しかし、草丈が低く地面にへばりつくように生えているシクラメンの形状では、雨の多い地域に生える草丈の高い植物に負けてしまうので、もともと雨の少ない乾燥した地域にしか生存できなかったのでしょう。
札幌で春に咲く球根類(チューリップ、ムスカリ、ヒヤシンス、スイセンなど)の自生地は多くが雨の少ない地中海周辺地域や西アジアです。
それらの地域に生育する球根類は、札幌では秋に植え付け、樹木がまだ葉を広げる前に花を咲かせ、夏を迎える頃には葉は黄色くなって枯れて休眠します。 シクラメンもこれらの球根類と同じ性質、同じ生活様式の植物のようです。

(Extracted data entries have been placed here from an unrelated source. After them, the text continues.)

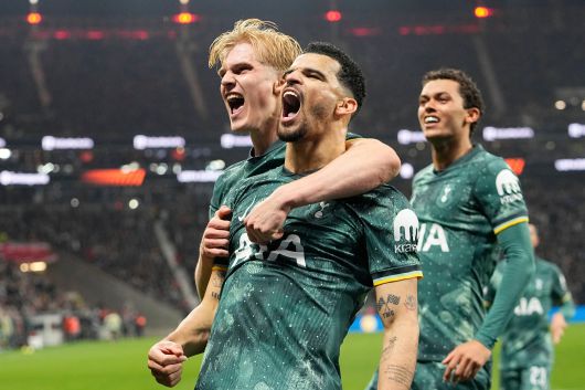 주장 손흥민(33)이 부상으로 결장한 토트넘(잉글랜드)이 UEFA(유럽축구연맹) 유로파리그(UEL) 4강 진출에 성공했다. 토트넘은 18일 프랑크푸르트(독일)와 벌인 UEL 8강 2차전 원정 경기에서 1대0으로 승리했다. 1차전에서 1대1로 비겼던 토트넘은 합계 2대1로 앞서 준결승행 티켓을 얻었다.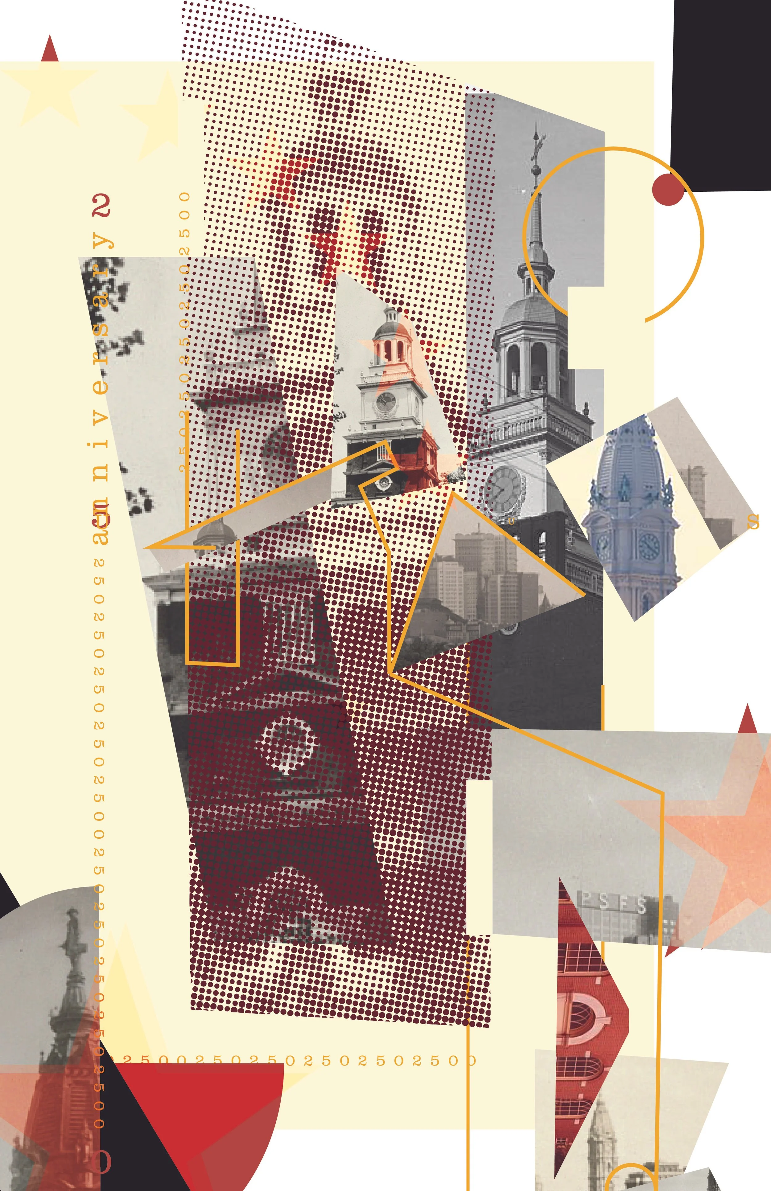 The semiquincentennial marks the 250th anniversary of the signing of the Declaration of Independence, a joyous occasion to be celebrated in 2026. By integrating collaged vintage photographs with abstract shapes, this school project creates a visual narrative that bridges the past and present, reflecting the city's ongoing evolution and its pivotal role in American history.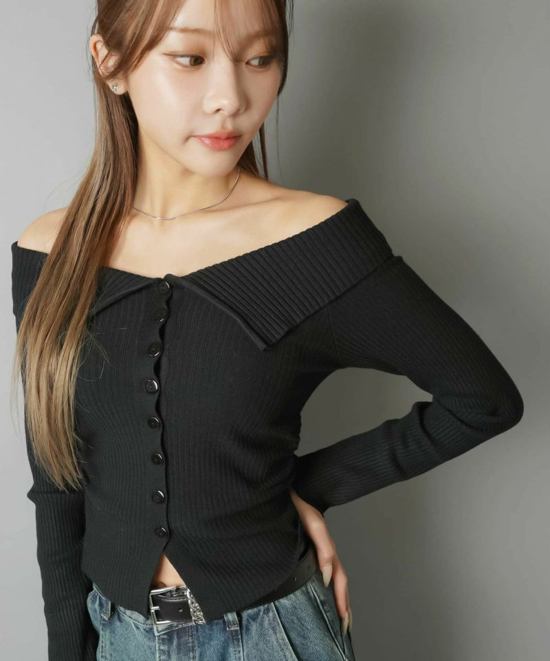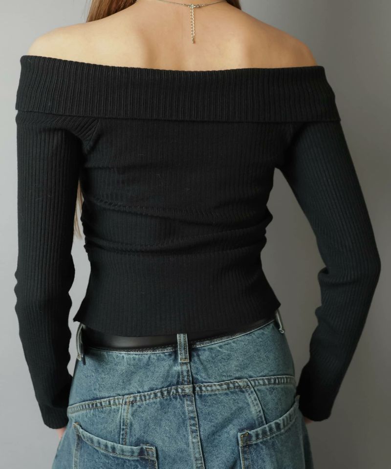 【上品な肌見せが叶う“オフショルデザイン”がポイントの美人見えニット】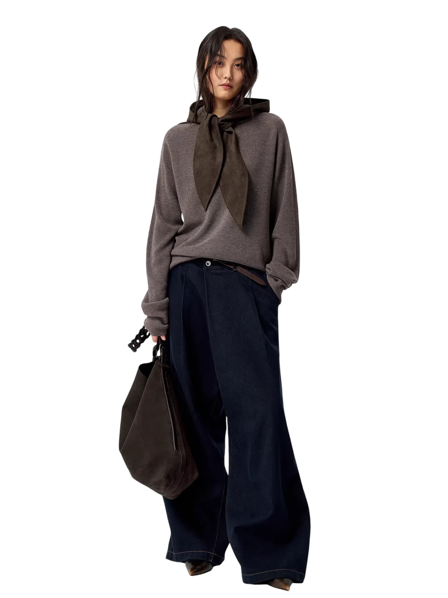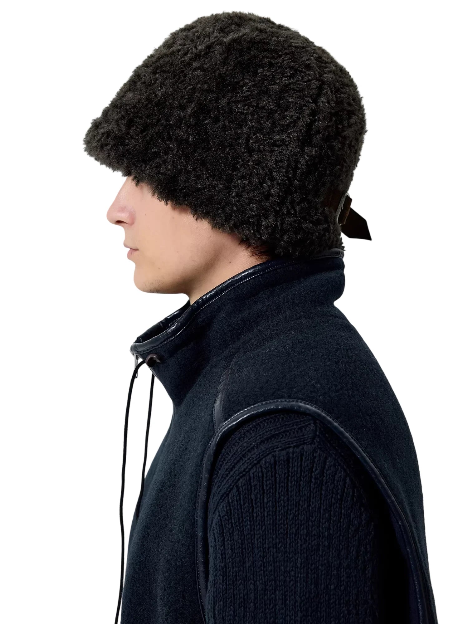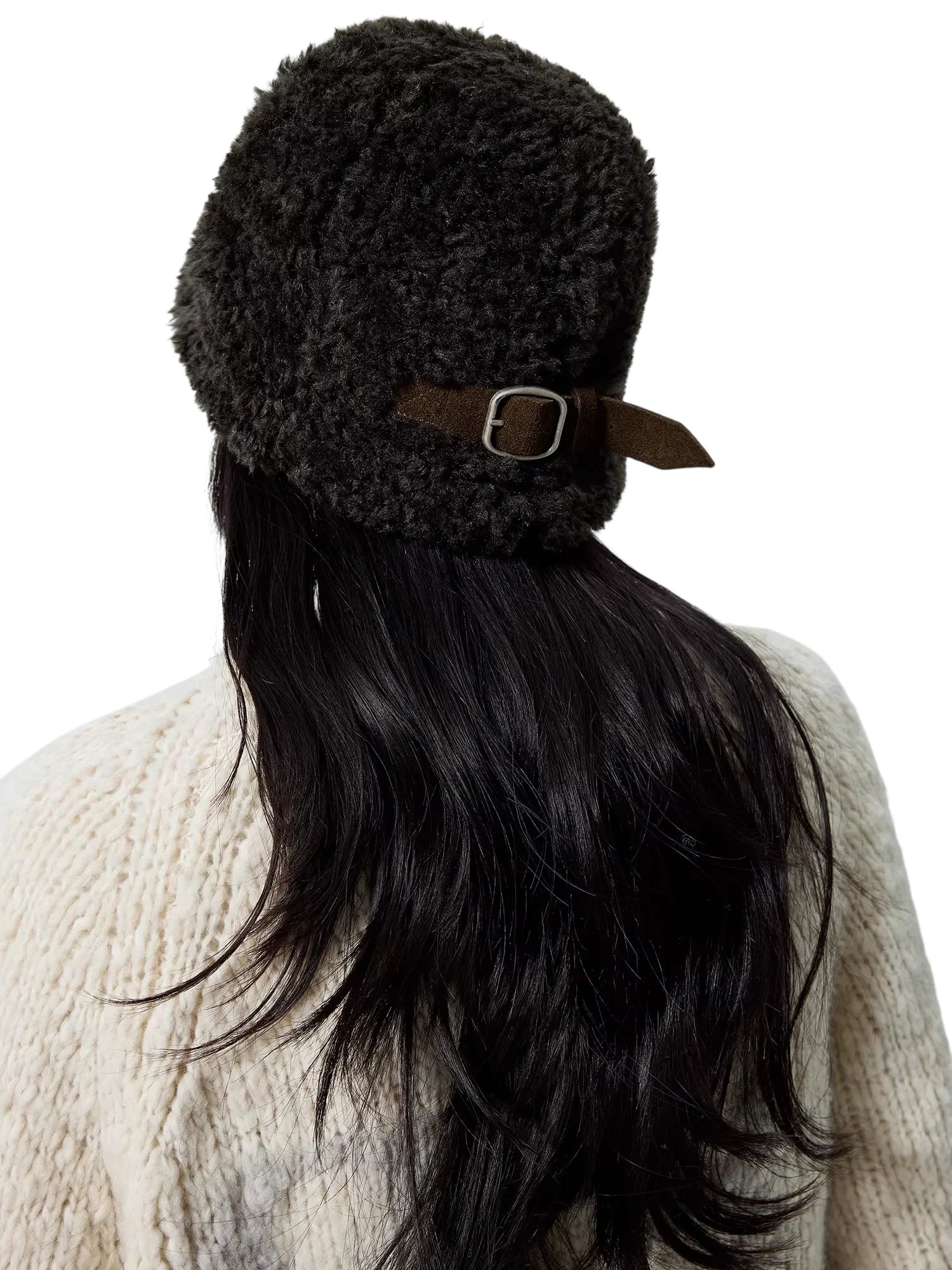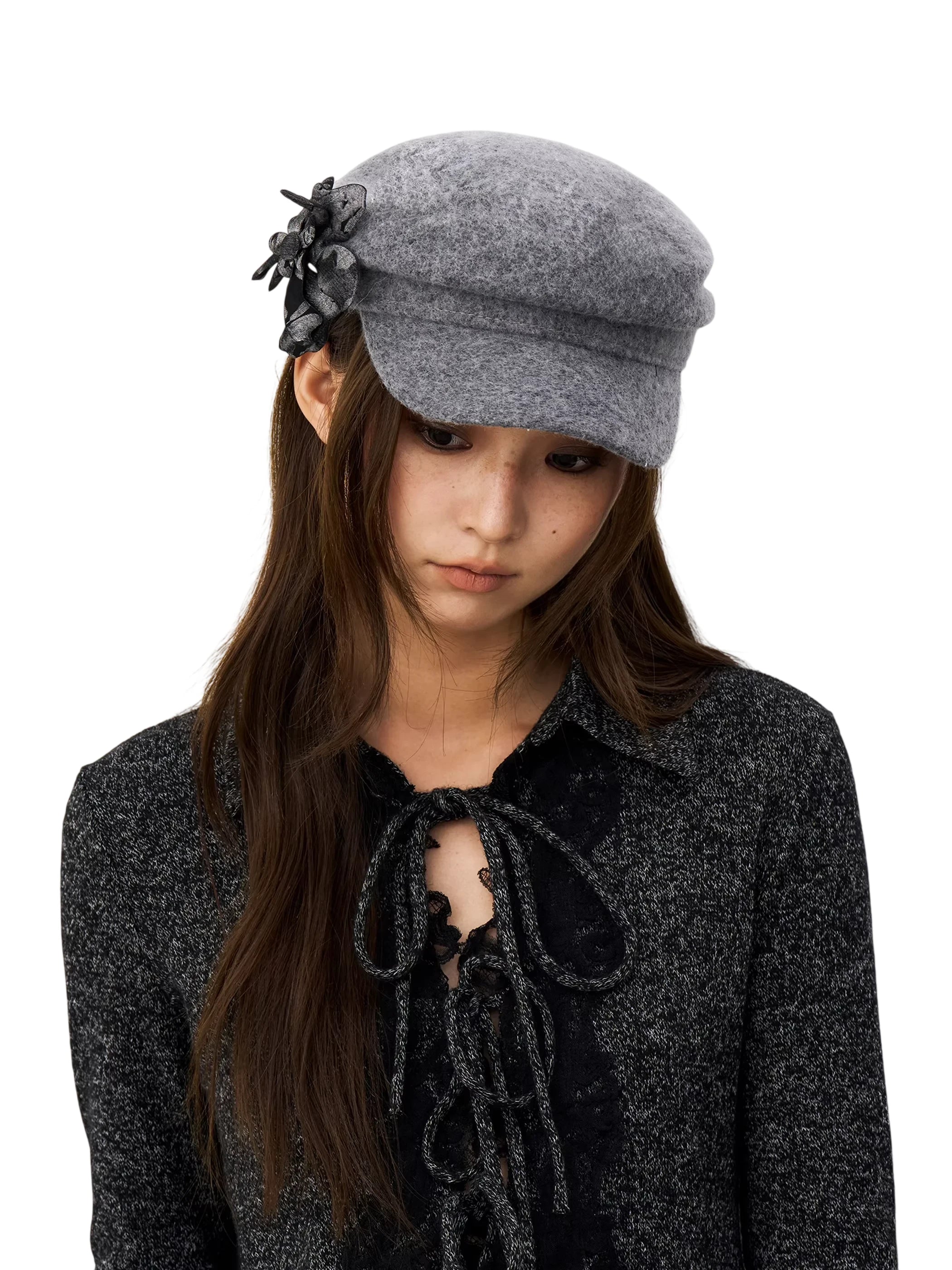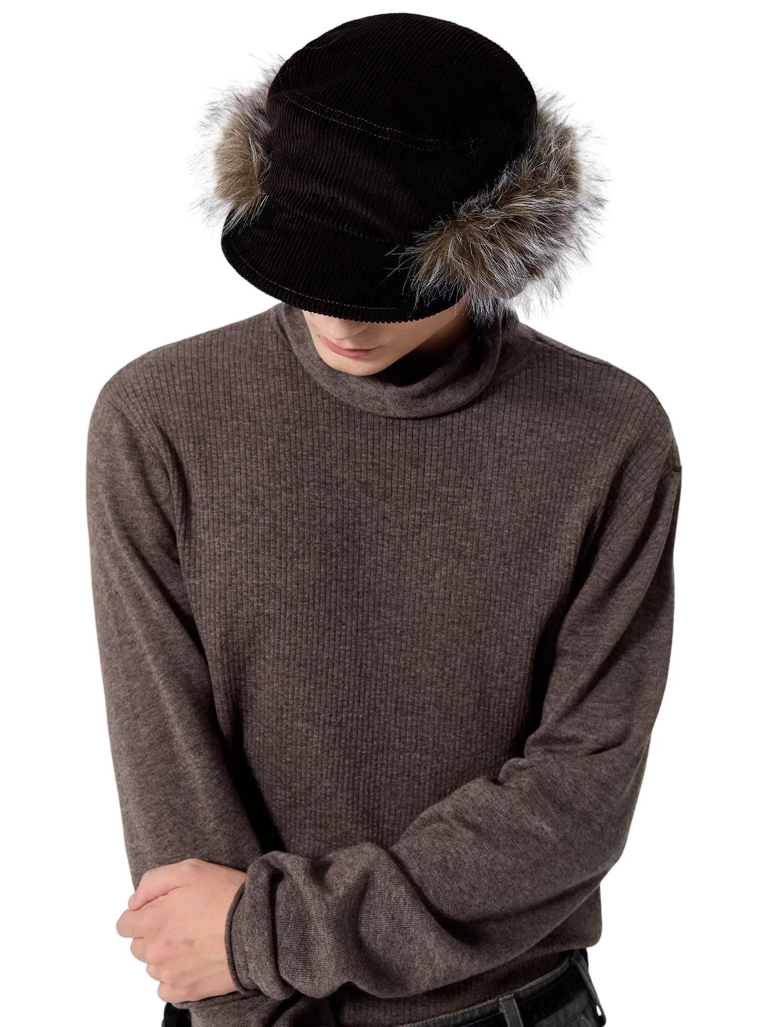 Simple Project Linen Blend Knitted Earflap Hat with Short Brim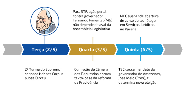 A decisão que mais movimentou o Judiciário durante a semana foi a que concedeu Habeas Corpus ao ex-ministro José Dirceu, preso em Curitiba desde 2015: o julgamento repartiu a 2ª Turma do Supremo Tribunal Federal, sinalizou tendência de acabar com longas prisões preventivas na operação “lava jato” e ainda ignorou estratégia do Ministério Público Federal, que no mesmo dia havia apresentado nova denúncia contra Dirceu — reconhecendo “precipitação com o objetivo de trazer à tona informações”.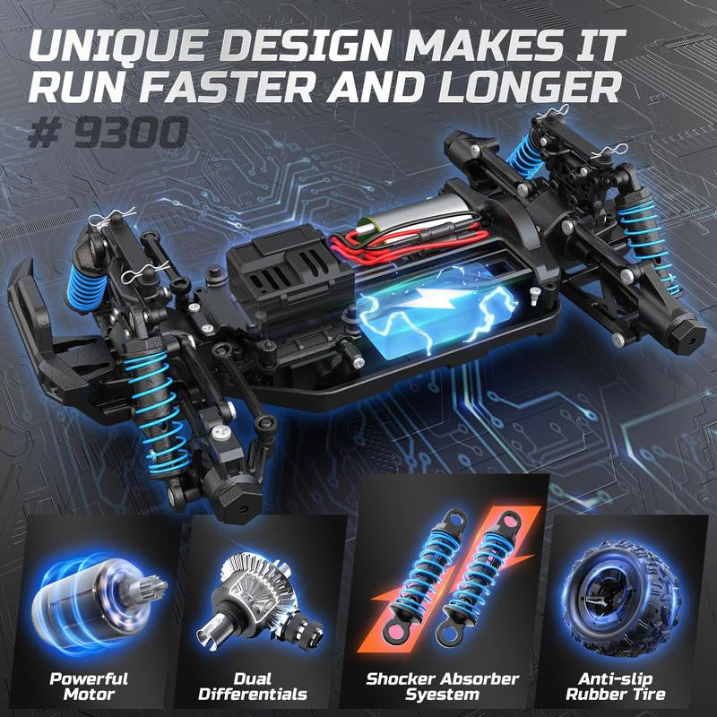 High-Speed Off-Road Adventure: The 9300 RC Car delivers thrilling performance with speeds up to 40 KM/H. Its 1:16 scale design and 4WD drivetrain make it perfect for tackling off-road terrains, from dirt and gravel to grass and sand, providing a true monster truck experience.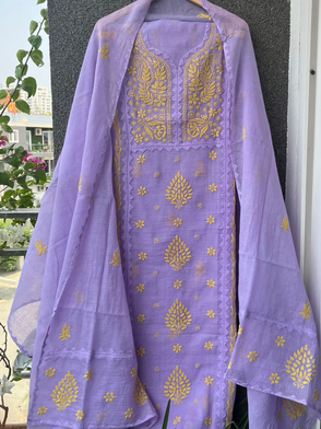 Lavender Kota Unstitched Chikankari & Pearl Festive Suit Set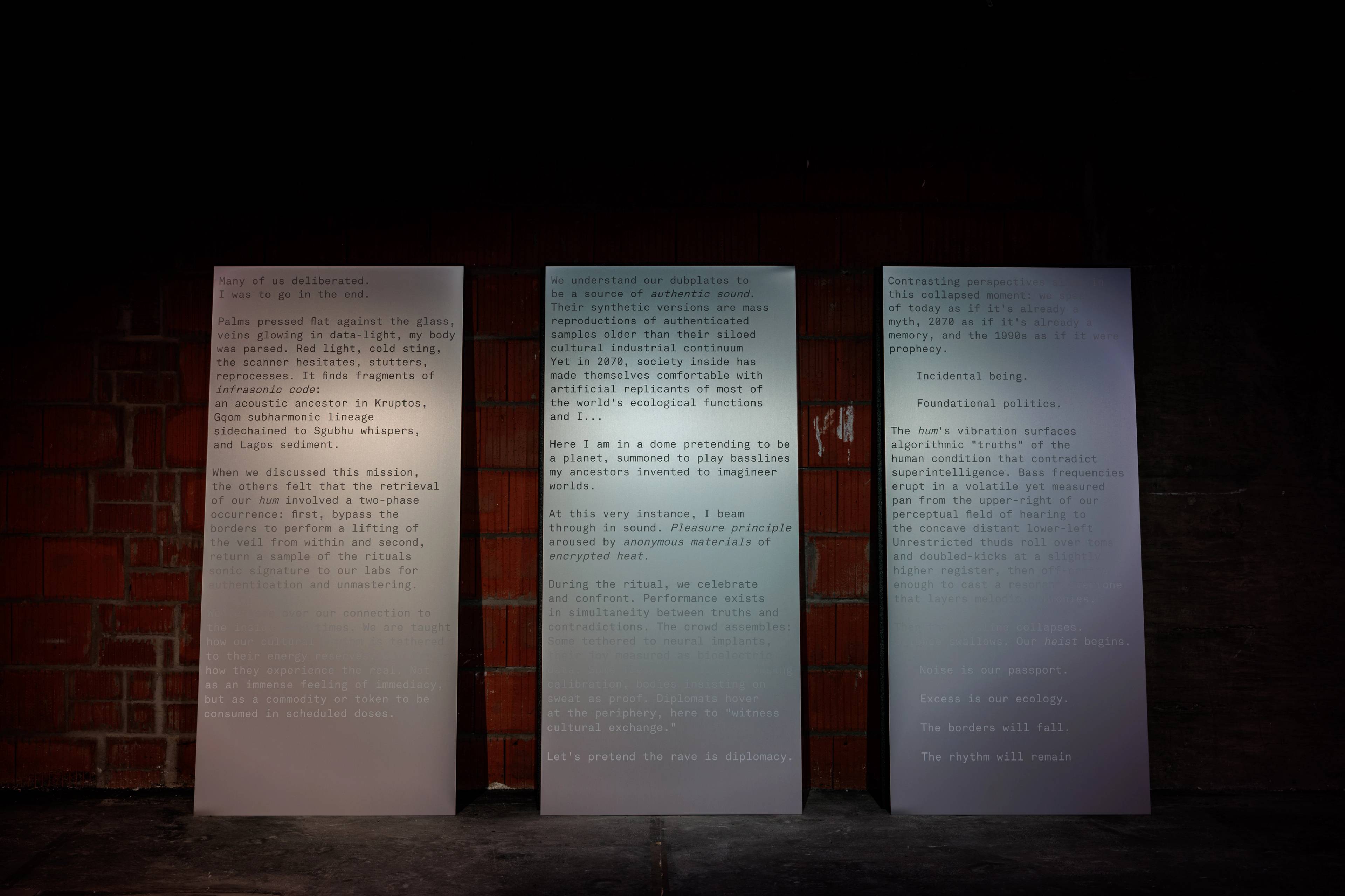 CEL understands art as a space for experimenting with alternative forms of organisation and imagination. They invite local and international collaborators to, in author Octavia Butler’s words, “write themselves into” a precarious future. Expanding on CEL’s inquiry into sonic ecologies and diasporic myth-making, the events and the space dedicated to Foundations at CANK are informed by a science-fiction short story conceptualised during research workshops with writer DeForrest Brown Jr and political scientist Jeff Kwasi Klein. Set in a speculative future and displayed on reflective panels, the short story centers on the theft of a cultural artefact known as “the hum”, and one character’s heist to recover it.

シクラメンというと、晩秋から冬にかけてきれいに咲くシクラメンの鉢花を思い浮かべます。 また、原種シクラメンというと、あまり見かけない珍しさや希少性がある植物というイメージがあります。
しかし、チューリップやスイセンなど普段街中でよく見かける球根類と同じ地域に生育し、同じ生活様式であることが分かると、それらの球根類に申し訳ないのですが、なんだかシクラメンの希少性が失われた感じがして少々がっかりした気分です。